Employees are reminded that they are prohibited from Dealing in Prudential Securities at any time they possess Inside Information, regardless of whether they are included on an insider list. Dealing while in possession of Inside Information is both a civil and criminal offence.
Additionally, Employees should be aware of ▇▇▇▇▇▇▇ ▇▇▇▇▇▇▇ regulations applicable to listed securities in general.
B. | Dealing in Prudential Securities –Securities Dealing Rules |
The Securities Dealing Rules (“SDRs”) are designed to ensure that specific individuals in the Group do not Deal in Prudential Securities during Closed Periods or other Prohibited/Restricted Periods and that those Employees who are required to do so obtain dealing clearance before Dealing in Prudential Securities.
If you are unsure whether, or how, the SDRs apply to you, please consult Group Secretariat before Dealing in Prudential Securities. Contact information can be found in Appendix 4. Failure to comply with the SDRs is a serious offence that could lead to criminal prosecution and dismissal from employment.
C. | Listed companies other than Prudential |
During their employment, employees may receive confidential information about companies other than Prudential, such as counterparties, partners, competitors, targets, and advisers, including joint ventures like ICICI Prudential Life Insurance Company Limited.

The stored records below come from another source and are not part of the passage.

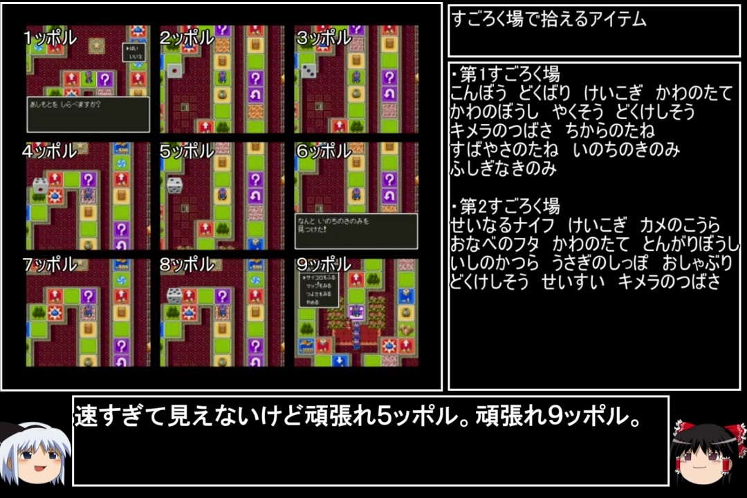 初めての4分割はふくびきでしたが、9分割がすごろくになるとは思わなかった……。<br>16分割する日が来るとしたら、どこになるんだろう?<br><br>前→<a href="https://www.nicovideo.jp/watch/sm38624114" class="watch">sm38624114</a> 次→<a href="https://www.nicovideo.jp/watch/sm38667655" class="watch">sm38667655</a><br><br>YouTube版→<a href="https://www.youtube.com/watch?v=dc9vNU_jnUc&t=4s" target="_blank" rel="noopener nofollow">https://www.youtube.com/watch?v=dc9vNU_jnUc&t=4s</a><br><br><br>※動画の大きさが変わる方は、お手数ですが設定→画質を自動から〇pに変えると解決します。<br>※一部機種は互換機を使用してのプレイとなります。<br><br>縛りルール(不明点はシリーズのQ&Aを参照)<br>①使った武器・防具・装飾品・道具・呪文・特技・一部特殊施設(メダル王・カジノ・移民の町)・職業(3,6,7)・仲間モンスター(4,5,6,8+7の職業)は次以降のシリーズで使用禁止。<br>(NPCキャラが使用した装備や呪文を含む。売却及び錬金素材としても使用扱い)<br><br>②裏技・バグ技の禁止。<br><br>③逃走禁止&戦闘終了時は全員生存。<br><br>④レベルを上げ過ぎない。<br>ダンジョンやボスは公式ガイドブックに記載されたレベル+3まで。<br>ラスボスは全ての呪文を習得するレベル+3程度までに収める。<br><br>⑤裏ボスも規定回数、規定ターン以内に倒す。<br>(6の裏ダンジョン突入時のみ、条件を満たすため①の職業を解禁)<br><br>(おまけ)<br>宝は可能なものに限り全回収。<br>5と6は同一モンスターの仲間不可。<br>回避可能なボスも全て倒す。<br><br><br>この動画で利用している株式会社スクウェア・エニックスを代表とする共同著作者が権利を所有する著作物及びスギヤマ工房有限会社が権利を所有する楽曲の転載・配布は禁止いたします。<br>(C) ARMOR PROJECT/BIRD STUDIO/SQUARE ENIX All Rights Reserved.<br>(C) SUGIYAMA KOBO (P) SUGIYAMA KOBO<br><br>AquesTalk2ライセンスID:AQTK2WINUSR23122185<br /><br><br>❤いいねを押していただけるとモチベーションと投稿速度が上がるので宜しくお願い致します!<br><br>作者ツイッター→ <a href="https://twitter.com/nig0117" target="_blank" rel="noopener nofollow">https://twitter.com/nig0117</a><br>PIXIV FANBOX→ <a href="https://sutanokeiji.fanbox.cc/" target="_blank" rel="noopener nofollow">https://sutanokeiji.fanbox.cc/</a><br><br>( 以前はWEB小説書いてました→ <a href="https://kakuyomu.jp/works/1177354054884910267" target="_blank" rel="noopener nofollow">https://kakuyomu.jp/works/1177354054884910267</a> )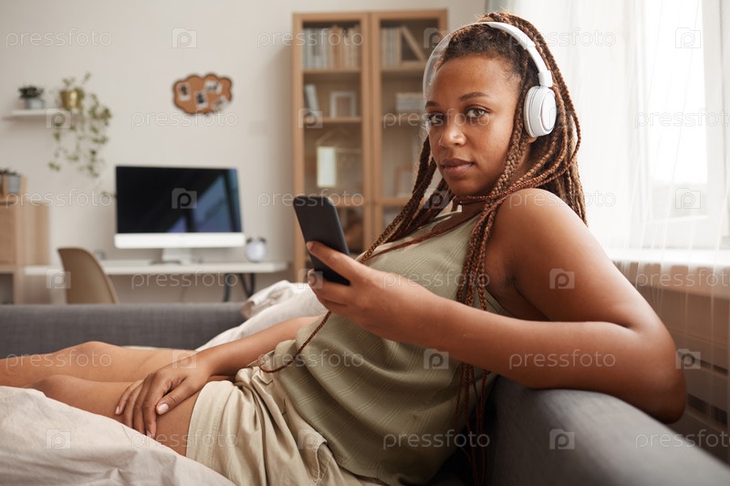 Женщина слушает музыку дома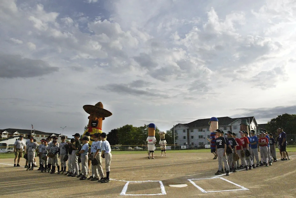 Members of the Cudahy St. Francis Little League Baseball All-Star teams line up for introductions along with the Milwaukee Brewers Racing Sausages before their game on June 21, 2007.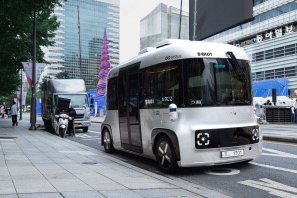 서울시는 23일 오후 1시부터 운전석 없는 자율주행셔틀 ‘청계A01’ 노선의 운행이 서울 종로구 청계천에서 시작된다고 밝혔다. 자율주행셔틀은 시험운전자가 운전대에 앉아 운행하는 기존의 자율주행버스와 달리 운전석과 운전대가 없다. 자율주행셔틀이 서울 시내에서 운행되는 것은 이번이 처음이다.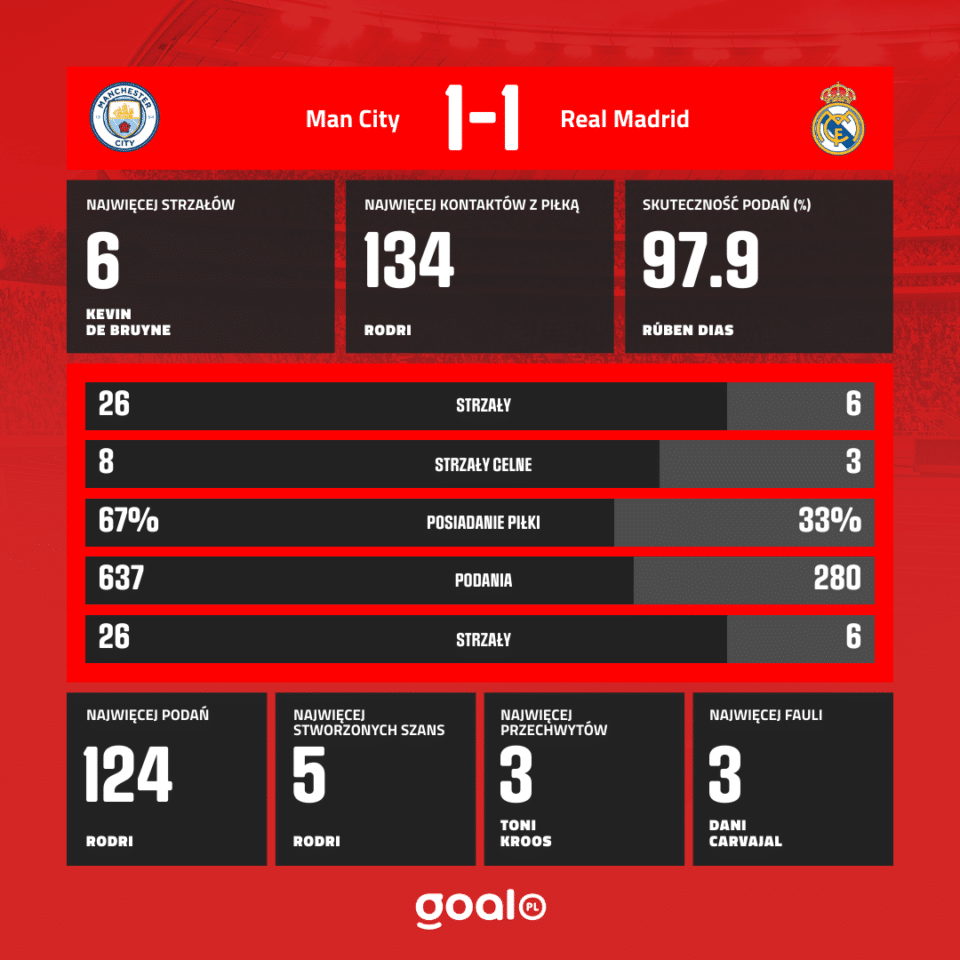 Już za równą godzinę rozpocznie się rewanżowy mecz Manchesteru City z Realem Madryt. W pierwszym meczu mieliśmy remis 3:3. Czyja dziś ręka powędruje ku górze?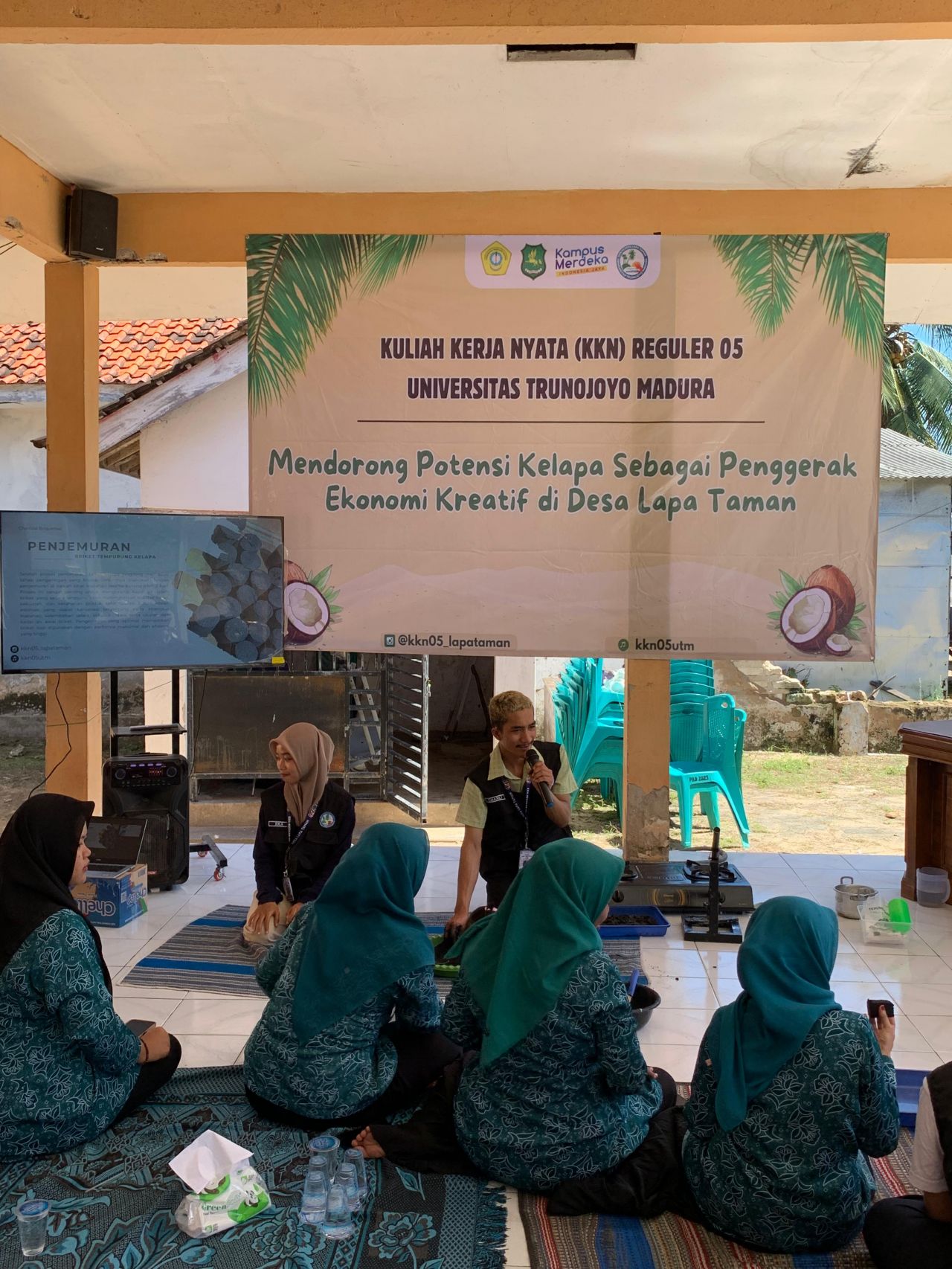 Sumenep, IPers - 11 Juli 2025 - Sebagai bagian dari bentuk pengabdian kepada masyarakat, Mahasiswa KKN 05 UTM menggelar kegiatan sosialisasi dan edukasi pembuatan briket dari tempurung kelapa di Desa Lapa Taman, Kecamatan Dungkek, Kabupaten Sumenep. Kegiatan ini berlangsung pada Senin, 8 Juli 2025 dan melibatkan sejumlah warga dari berbagai dusun yang ada di desa tersebut.

If this information qualifies as Inside Information (or its equivalent) regarding another company, employees are prohibited from dealing in that company’s listed securities and from communicating or allowing access to that information to any unauthorised third party.
Definition of Dealing
Deal or Dealing – this term has a very wide meaning and includes any sales and purchases of Prudential Securities as well as any other transaction involving Prudential Securities, including but not limited to pledging, lending or using as collateral of Prudential Securities, certain grants of share options to subscribe for or purchase Prudential Securities, and taking a unit or share in a collective investment undertaking (CIU) which provides exposure to a portfolio of assets of which Prudential Securities exceed 20% of the total.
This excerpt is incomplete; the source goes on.